Using matplotlib backend: MacOSX


## Loading data

 We first load the raw accelerometer signals (x, y and z axis). Each sample from the data set is a 2.56s window of an activity being performed recorded at a 50Hz rate which make 128 readings per sample, per axis.

In [24]:
os.chdir('../data')
# Raw signals
# X axis
X_train_x_raw = np.loadtxt('X_train.txt')
X_test_x_raw = np.loadtxt('X_test.txt')
# Y axis
X_train_y_raw = np.loadtxt('Xy_train.txt')
X_test_y_raw = np.loadtxt('Xy_test.txt')
# Z axis
X_train_z_raw = np.loadtxt('Xz_train.txt')
X_test_z_raw = np.loadtxt('Xz_test.txt')

print("X_train_x_raw shape : {}".format(X_train_x_raw.shape))
print("X_test_x_raw shape : {}".format(X_test_x_raw.shape))
print("X_train_y_raw shape : {}".format(X_train_y_raw.shape))
print("X_test_y_raw shape : {}".format(X_test_y_raw.shape))
print("X_train_z_raw shape : {}".format(X_train_z_raw.shape))
print("X_test_z_raw shape : {}".format(X_test_z_raw.shape))

X_train_x_raw shape : (7352, 128)
X_test_x_raw shape : (2947, 128)
X_train_y_raw shape : (7352, 128)
X_test_y_raw shape : (2947, 128)
X_train_z_raw shape : (7352, 128)
X_test_z_raw shape : (2947, 128)


We normalize the signals (standard score normalization i.e. for each signal we substract its mean and divide it by its standard deviation).

In [5]:
def standard_score_normalization(x):
    x_m = np.mean(x, axis=1).reshape(-1,1)
    x_std = np.std(x, axis=1).reshape(-1,1)
    return (x - x_m)/x_std

In [6]:
# Scaling raw signals: Standard Score 
X_train_x_raw = standard_score_normalization(X_train_x_raw)
X_test_x_raw = standard_score_normalization(X_test_x_raw)

X_train_y_raw = standard_score_normalization(X_train_y_raw)
X_test_y_raw = standard_score_normalization(X_test_y_raw)

X_train_z_raw = standard_score_normalization(X_train_z_raw)
X_test_z_raw = standard_score_normalization(X_test_z_raw)

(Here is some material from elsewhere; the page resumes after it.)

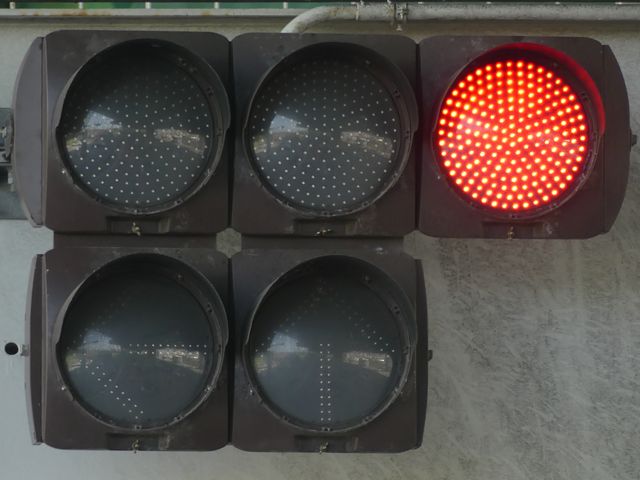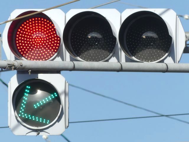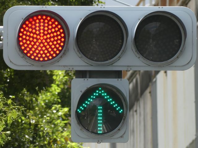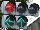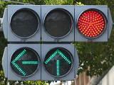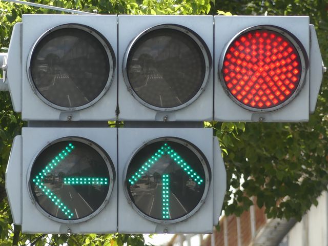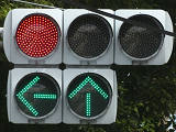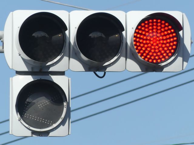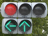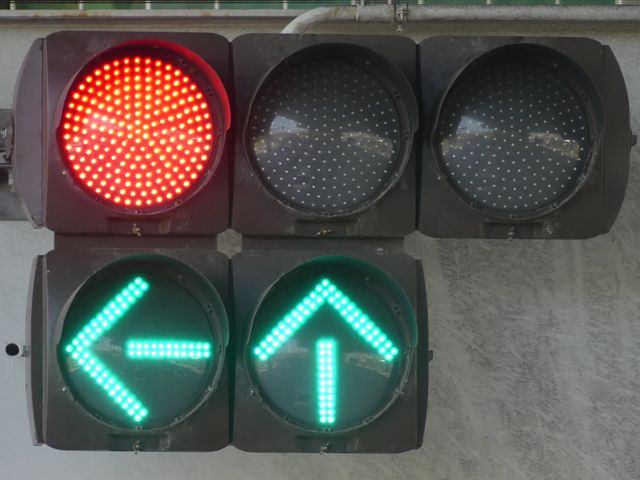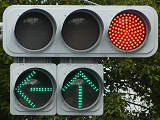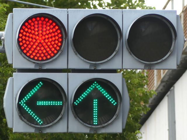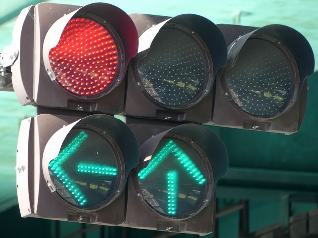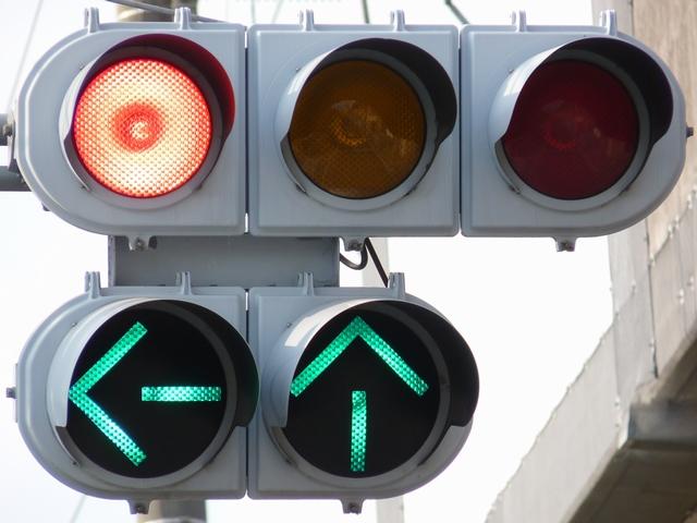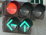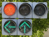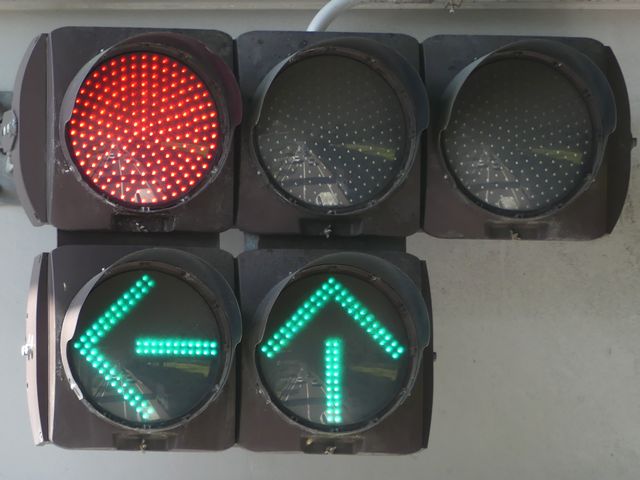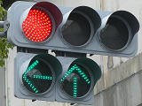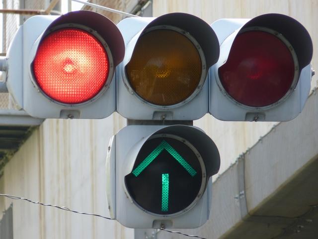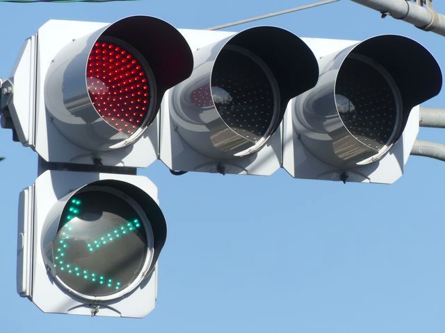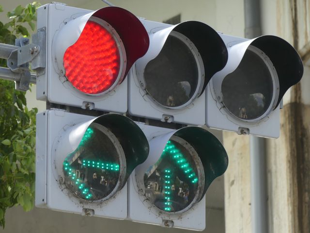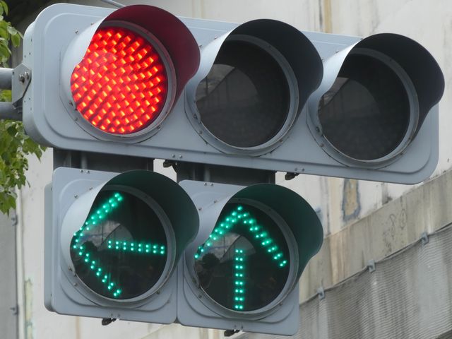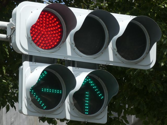 指定方向外進行禁止規制により直進・右折が禁止されており、誤進行防止のために、青信号にならず矢印信号で左折のみ進行可としています。矢印点灯時に左赤が点灯し、赤からの信号の変わり目が分かりやすくなっています。

  Now we are going to build/reshape our training and test sets. We want each sample of the training/test set to have the following shape (number of samples, time serie height, time serie length, number of channels) with:
  - number of samples: the number of samples in the training or test set.
  - time serie height: the "height" just like the height of an image except that as we are considering 1D data, our "height" will be set to 1. 
  - time serie length: this corresponds to the number of readings in the time series, in our case 128.
  - number of channels: in image classification taks, this dimension would represent the 3 RGB levels of a pixel but in our case this will be the 3 dimensions of the accelerometer data: x, y and z.  

The function below reshapes the 3 raw signal arrays as we have explained:

In [7]:
def concatenate_xyz(x,y,z):
    data = np.empty((x.shape[0],1,x.shape[1],3))
    for i, rowx, rowy, rowz in zip(range(x.shape[0]),x,y,z):
        data[i,:,:,0] = rowx.reshape(1,-1)
        data[i,:,:,1] = rowy.reshape(1,-1)
        data[i,:,:,2] = rowz.reshape(1,-1)
    return data

In [8]:
X_train = concatenate_xyz(X_train_x_raw, X_train_y_raw, X_train_z_raw)
X_test = concatenate_xyz(X_test_x_raw, X_test_y_raw, X_test_z_raw)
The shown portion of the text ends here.